Overheard: Embedded Analytics and Next Gen Data Warehousing
Why are we hearing about embedded analytics and what are we talking about?
What we’re often talking about is analytics that are embedded in applications or embedded in business processes or in the decision cycle of the company. Another way of looking at it is where analytics are embedded or executing in some kind of platform where analytics aren’t traditionally executed, such as in the database or in the data warehouse.
Why are we interested in embedded analytics?
A data warehouse is fundamentally a very specialized database, and a database traditionally is all about keeping tables and records and indexes to support queries and updates, but it is not a place where you do a lot of analytics and processing. But if you embed analytics in that database, it becomes a computing platform sort of like an application server where we use stored procedures and user-defined functions. Now there are new ways to embed analytics to execute on databases, data warehouses and new approaches like MapReduce and Hadoop. In the new world on the data warehouse side, embedded analytics is referring to an open framework that is different from the way we did stored procedures and user-defined functions on traditional proprietary platforms.
Why are we moving in that direction?
For one thing, the data warehouse is becoming the biggest, baddest repository pool of computing power, memory, I/O, bandwidth and storage in your company. It’s a powerful platform where more and more data will come to stay, hundreds of terabytes and petabytes that are hard or wasteful to slosh around between application platforms. Rather than move all that data, we can think about moving the applications to that. In that way the data warehouse is almost a gravitational force with satellite applications executing natively there. As the data sets get larger and as the applications get more demanding in terms of compute power, it just makes sense to move more of this logic to this new generation, big data warehouse.
We used to look at data warehouses as a place to put historical data that didn’t have the same currency as the operational data that’s closer to real time.
The data warehouse has evolved to be architected for real-time applications and a real-time ingesting query. Teradata and other vendors have gone deep in this direction. So we’re now seeing the data warehouse with both historic and real-time data and batch processes and low latency processes coexisting in a common computing and storage fabric called the data warehouse grid or cluster or cloud.
We’ve tried to move away from static, monolithic data sets to in-memory or on the fly processing, so where do the two meet?
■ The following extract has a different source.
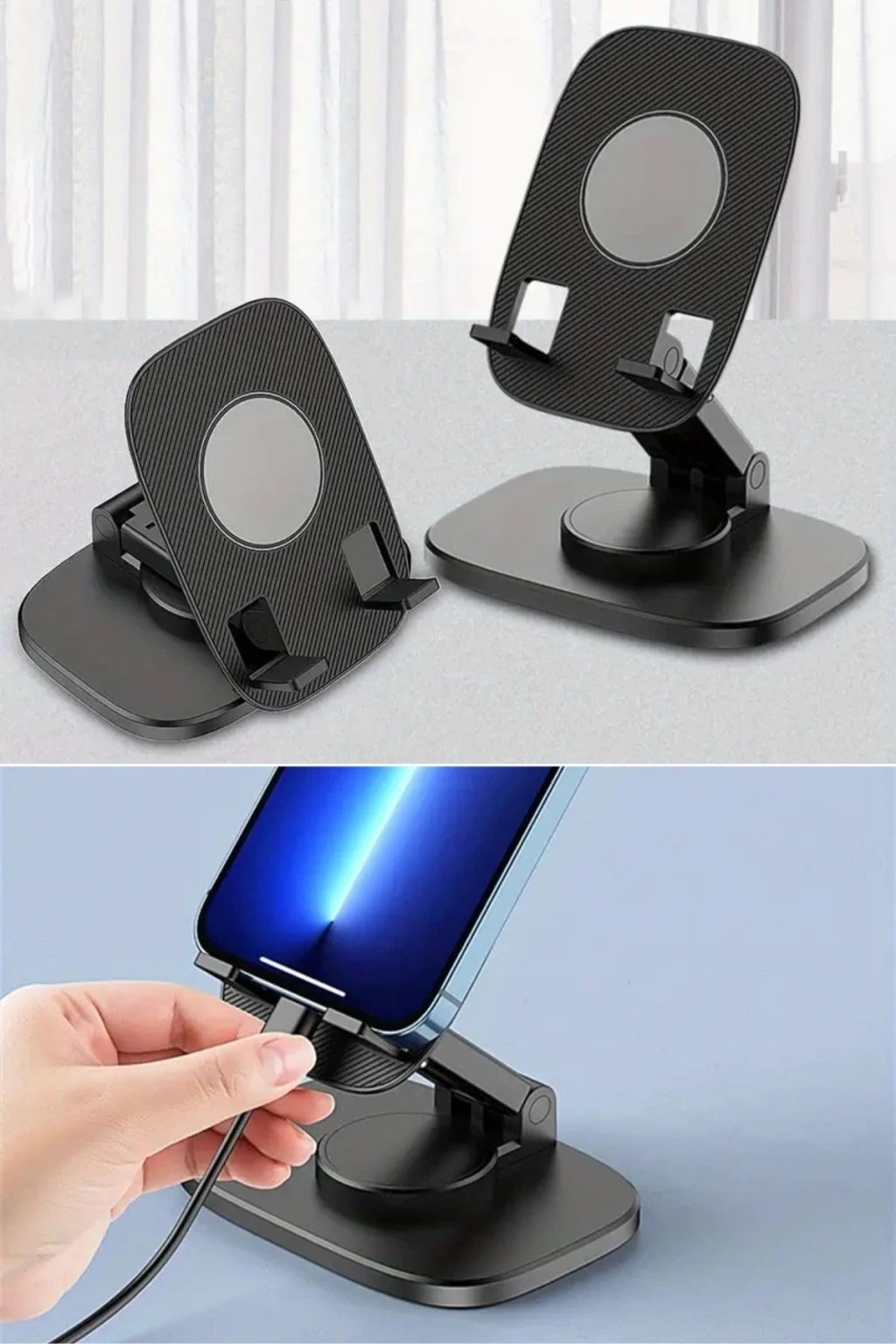 360° Döner Masaüstü Mobil Telefon Tutucu Standı, telefonunuzu en rahat açıdan izleyebilmeniz için tasarlanmış, pratik ve çok yönlü bir aksesuardır. İster video görüşme yapın, ister film izleyin ya da cihazınızı şarj edin – bu stand her açıdan kullanım kolaylığı sağlar. Şık ve ergonomik tasarımı sayesinde hem evde hem de ofiste kullanım için idealdir.

Well, this is true. Because in-memory is much faster than disk, if you want true real-time apps end-to-end, you need a completely distributed in-memory caching environment and a heck of a lot of I/O bandwidth. The real-time fabric of modern life will require a push to all in-memory data architectures in data warehouses everywhere, but also into clients. As memory gets ever cheaper and we’re able to persist more info in solid state disk and flash on devices, users are going to want many things. One of those is the ability to bring a lot of information into their own device for exploration and visualizations and what-if analyses on the fly. They’ll eventually be able to work with multiple gigabytes and potentially terabytes of information right in their hands. At some point you’re going to want a complete personal data mart in your iPhone so you don’t need to do the round trip back to the data warehouse or server site data mart to grab all this information. We’ll see more in-memory BI architectures that are very mobile-oriented.
But will the monolithic or virtual data warehouse continue to grow?
The majority of data warehouses in the world now are between one and 10 terabytes total. As memory gets cheaper and you can begin to have terabyte scale memory on a handheld client, all that traditional information will fit in anyone’s pocket. And the data warehouse on the server side where the master records are kept will grow ever larger, into petabytes. The caches that you hold locally will be synchronized for your use, and your user device will personalize the displays, the calculations and the functions on the cache to meet your specific needs. And they’ll auto-synchronize with a server site according to [user access] policy. It will be real-time decisioning in the field without that round trip, and while there will be bandwidth constraints with wireless, you won’t sync all the data sets in a split second. But it will be more and more critical to have a deep and fairly current cache of the latest
information in your hands.
So a lot of data will persist on the server side and users will access decision-making information like a sponge?
Exactly. It will be important to manage the transmission and the storage requirements on the client side to control the replication and synchronization. But the bottom line is that the user doesn’t have to incur that latency on the run, they can query massive marts and put them in their pocket at memory speed to support the transactions and decisions they are making now. Real time will enable ever more agile and data-rich exploration and calculation in the field for everybody.